Mining frequent patterns is a fundamental and crucial step used to solve the problems in the areas such as association rules [5], [6], correlations [7], sequential patterns [8], [9], classification [10], maximal frequent patterns [11], [12], [13], and frequent closed patterns [14], [15], [16]. According to the literature [3], [17], the algorithms for mining frequent patterns can be classified into two approaches, namely, candidate generation-and-test and pattern-growth. The representative algorithm of the first approach is the Apriori algorithm [5]. The Apriori and the Apriori-like algorithms [4], [18], [19], [20], [21] all need to generate a candidate set from the database and then evaluate each candidate in the set to check whether the candidate is a frequent pattern. In evaluating these candidates, the approach needs to scan databases as many times as the maximal length of the patterns. Although the approach is simple, it is time-consuming when databases are large. The second approach, also including a lot of algorithms [4], [6], [14], [22], [23], [24], is proposed to increase the speed of mining process by reducing the times of the scans of databases. The FP-growth algorithm [6], the most famous one of the approach, uses a compact data structure, called an FP-tree, to store the transaction information of the database. Instead of scanning the database, the algorithm scans the FP-tree to find frequent patterns. Compared to the first approach, the second approach is more efficient but needs more space to store the intermediate data structure.

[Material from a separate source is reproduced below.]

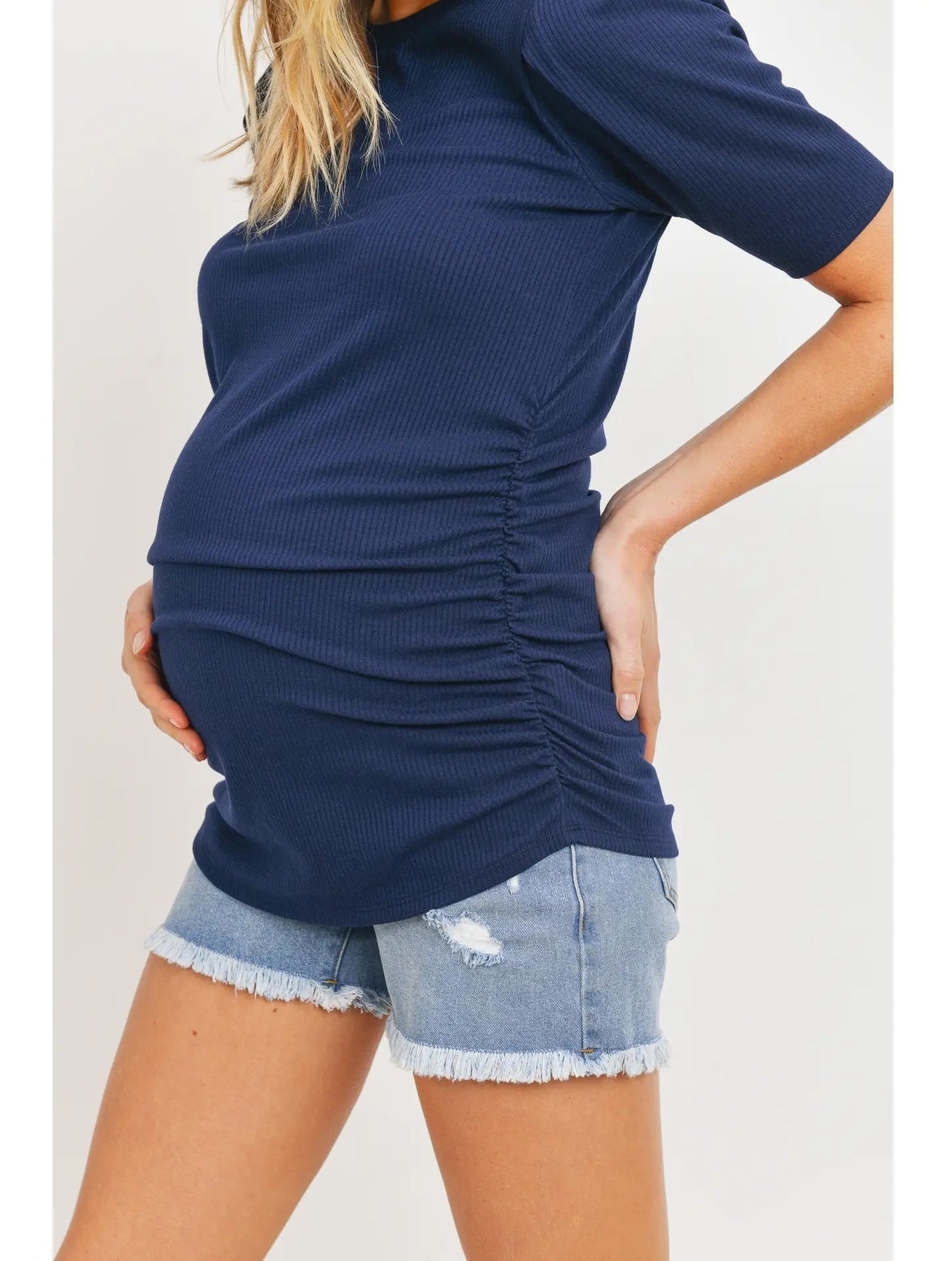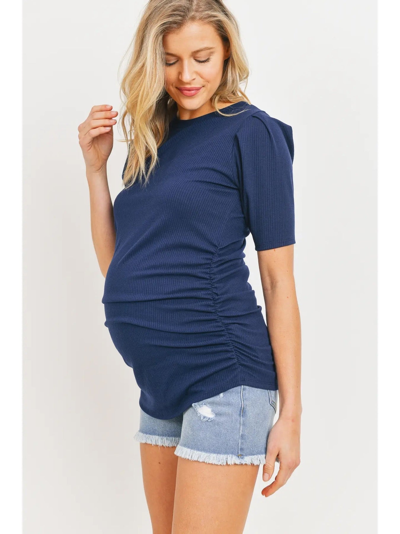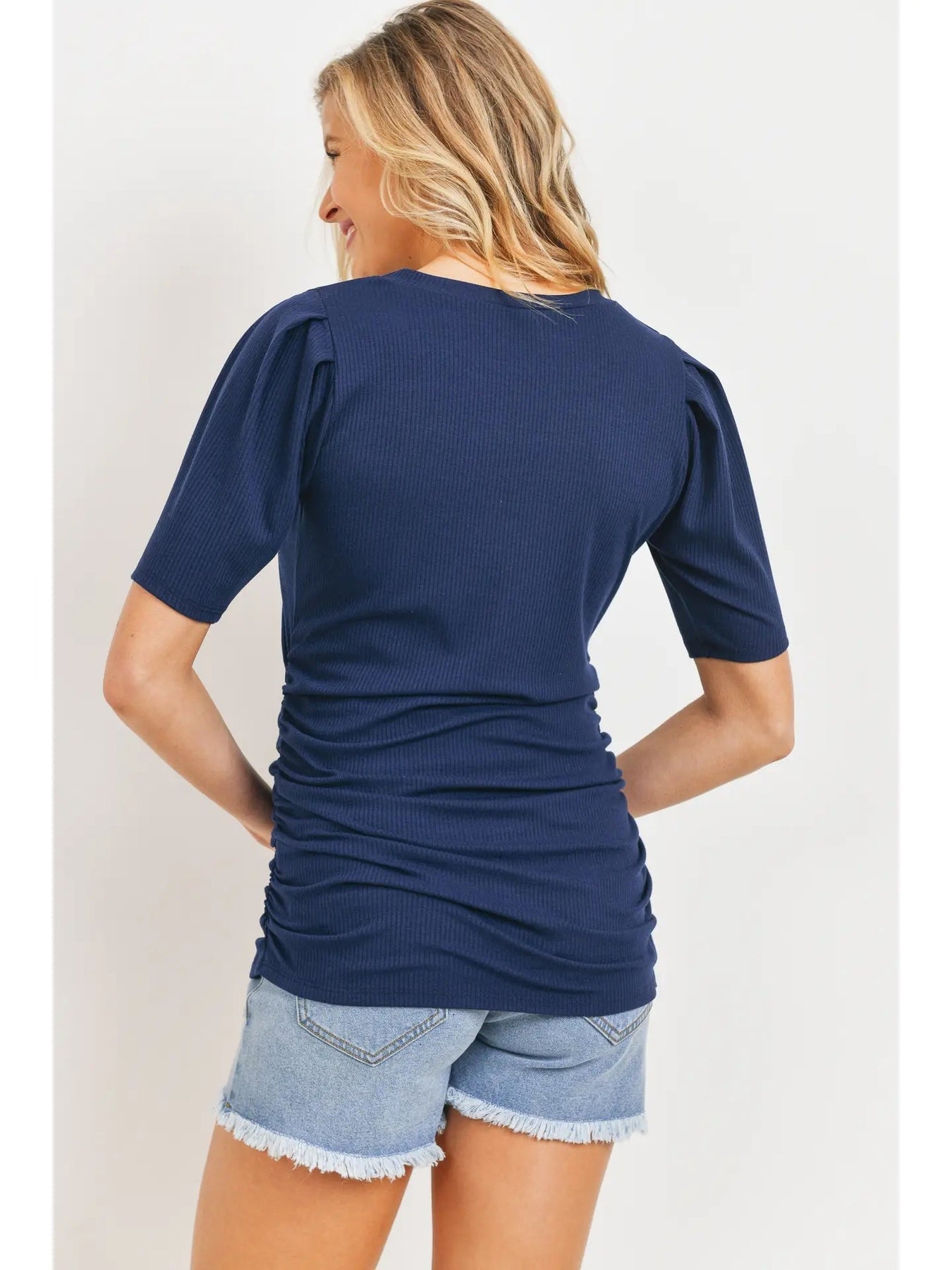 Haut de maternité froncé en tricot côtelé à manches courtes, doté d’un col rond, de manches bouffantes et d’un tissu côtelé extensible. Les fronces latérales offrent une coupe ajustée et flatteuse qui évolue avec la grossesse.

In enterprises, new data is produced continuously, and the influence of the obsolete data should be decreased. Managers need to periodically mine databases to reflect the current state of transactions and tune their marketing strategies subsequently. For mining the newest databases, the candidate generation-and-test approach needs to run the entire mining process again, while the pattern-growth approach needs to re-build the intermediate data structure (such as the FP-tree) and then performs the pattern-growth operation again [6].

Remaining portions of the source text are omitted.